The book begins with Noether's early life, and the influence of her father Max Noether, then a professor at the University of Erlangen, and Max Noether's colleague Paul Gordan (here spelled "Paul Gordon"). It also covers the main character's education at a girl's school and the University of Erlangen. Finally, it covers Noether's career at the University of Göttingen, and her exile (due to the rise of the Nazis) to the United States at Bryn Mawr College, where she stayed for the rest of her life.

== Reception ==
Roy Berglund, of the Borough of Manhattan Community College, called it an "enjoyable book and quite readable by non-mathematicians". Charles Aschbacher, editor of the Journal of Recreational Mathematics, also praised the book, writing that "[n]one of [the dialogue] is beyond the bounds of plausible conversation".

Benno Artmann, of the Mathematisches Institut of the University of Göttingen, wrote that "one cannot expect any specific information" about Noether's research, and concluded with the remark "Well, let us stamp our feet at the end of the book!"

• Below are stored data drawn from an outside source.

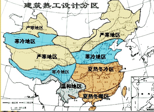 下圖是中國熱工分區標準與分區圖(不難看出,石家莊屬于寒冷地區):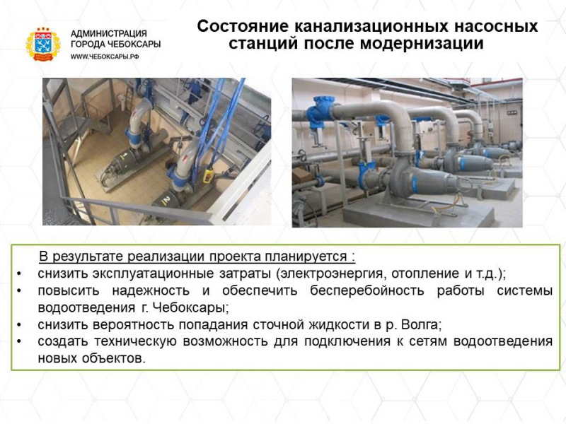 В результате будет достигнуто снижение эксплуатационных затрат (электроэнергия, отопление и т.д.), повышена надежность и обеспечена бесперебойность работы системы водоотведения г.Чебоксары, снижена вероятность попадания сточной жидкости в р. Волга и создана техническая возможность для подключения к сетям водоотведения новых объектов.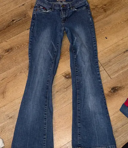 Chic dark blue flare jeans. Comfortable and stylish. Ideal for casual wear.
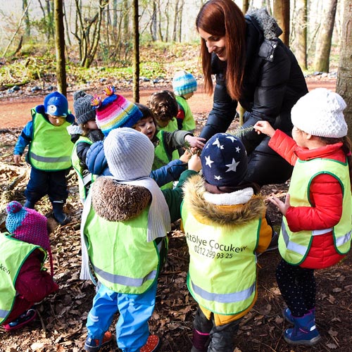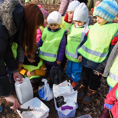 Etrafta köpeklerin ayak izi çoğunluktaydı en uygun olanının etrafını alçının akmaması için mukavva ile çevirdik önce, sonra da çabuk kuruyan alçıyı sulandırıp ayak izinin üstüne döktük ve kurumasını bekledik. Bu arada hem ormanda yürüyüş yaptık hem de ormanın içinde ki oyun alanında oynadık. Alçının kurumasıyla da ayak izimizi alıp okula geri döndük.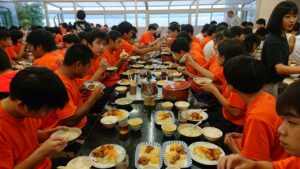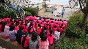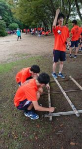 昨日、組み立てたいかだを海まで運び、「いかだトリップ」を体験しました。バランスや方向転換、乗り降りにいたるまで、いかだを安定させるためには一人一人が息を合わせて行動することが重要になります。お互いを思いやるとこやチームワークの重要性を身をもって体験できました。そのあとは昼食をとり、閉校式に臨みました。3日間お世話になったお礼を生徒代表が自分の言葉で伝え、多くの事を学んだ宿泊合宿が終了しました。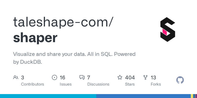 Shaper is an open-source, SQL-driven data dashboard tool powered by DuckDB. Dashboards are built purely by writing SQL with special type-cast annotations (e.g., `::BARCHART_STACKED`, `::XAXIS`) that define chart types and axes. Key features include self-hosting via Docker, git-based workflows, embedded analytics with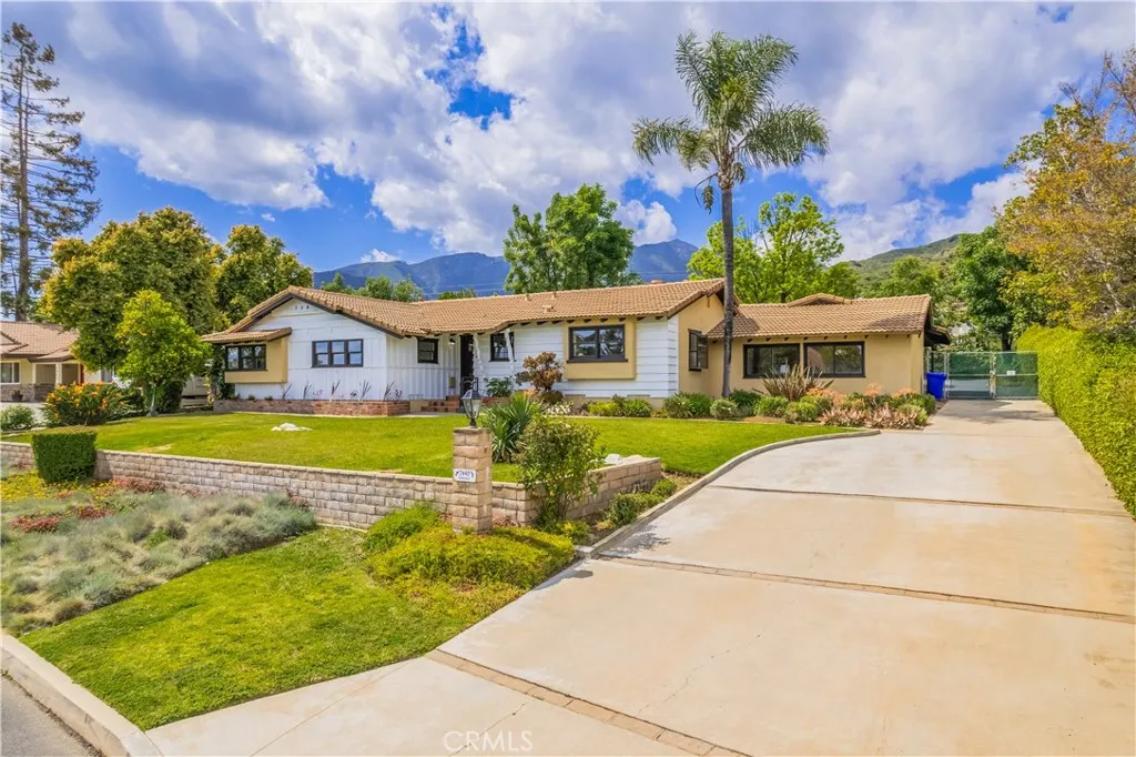 NEWLY REMODELED!!! This Magnificent SOUTH FACING one-story home located in the prestigious San Antonio Heights area in Upland. The owner has thoughtfully renovated with top of the line materials. It features 5 bedroom, 3 baths plus a HUGE BONUS ROOM. Large open concept living room with fireplace. Recesses lighting, new mohawk rev-wood tiles and laminate wood flooring throughout. Completely brand new bathrooms. Gourmet kitchen with horizontal grain custom cabinetry and quartz counter top with Waterfall edge on the island. Large backyard with Views of mountains, fruit trees, enclosed patio, and room for ADU. private gated side-yard with RV parking. Award-winning Upland school district. Close to wilderness walking trails, and parks. This could be your sprawling dream estate in this beautiful San Antonio Heights neighborhood! There is a one quarter share of water stock included with the purchase.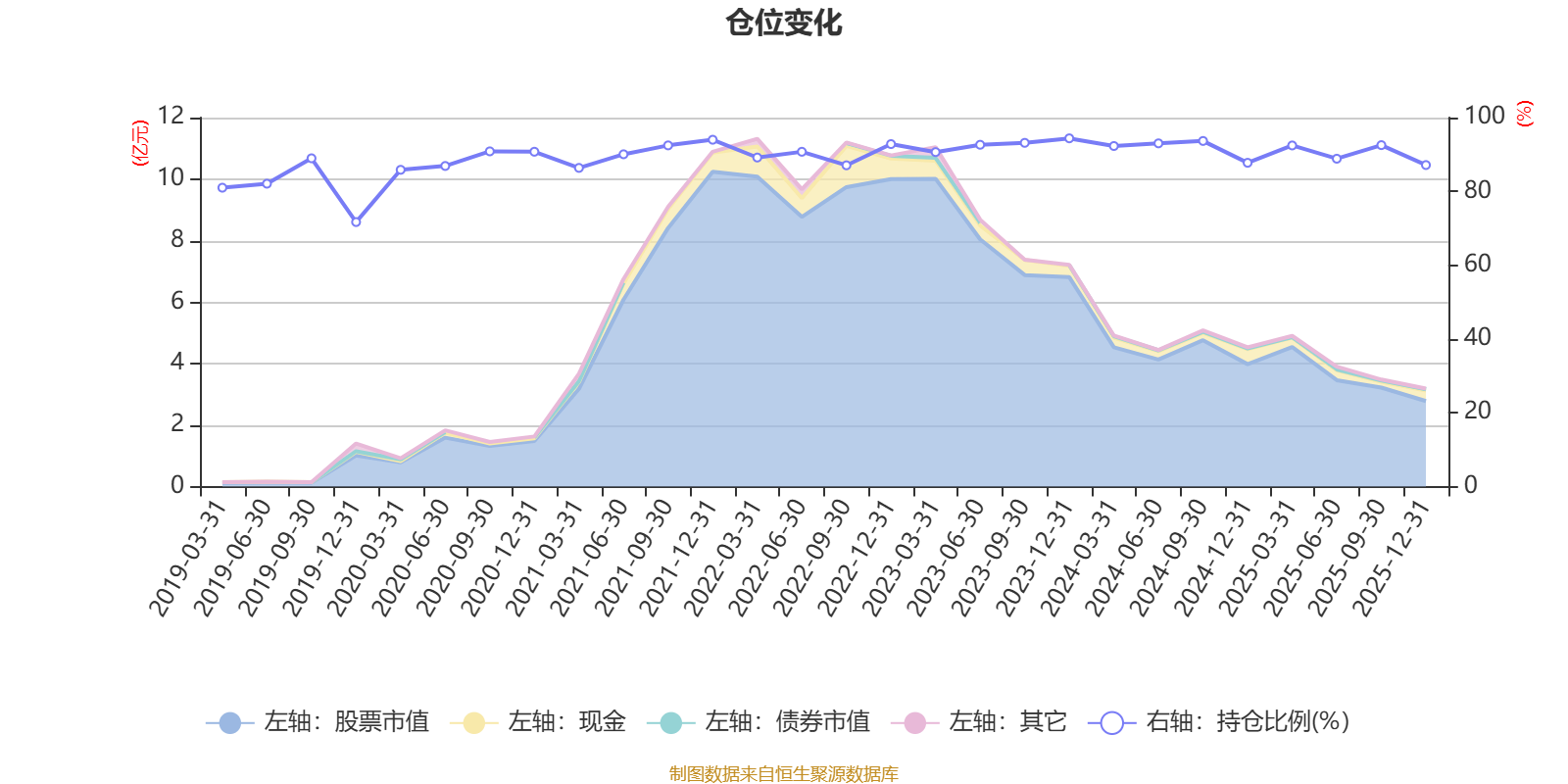 据定期报告数据统计,近三年平均股票仓位为91.55%,同类平均为88.23%。2023年末基金达到94.38%的最高仓位,2019年末最低,为71.69%。

Martin Griffiths wrote that, although the book does give the reader an impression of Noether's eccentric yet generous personality, some parts feel like "a play with a rather simplistic and unimaginative script". The review writer also speculated, based on a comment in the acknowledgements section, that Tent might have written the book primarily for teenage girls. Renate Tobies, writing for the The Mathematical Intelligencer, also expressed her disappointment upon reading the book, even though she had agreed to review it enthusiastically. Tobies pointed out that the portrayal of Noether's family in the book is anachronistic, and that the book indicates that Tent seemingly did not understand Cordula Tollmien's research (despite Tent acknowledging it herself), nor how higher education in Germany works.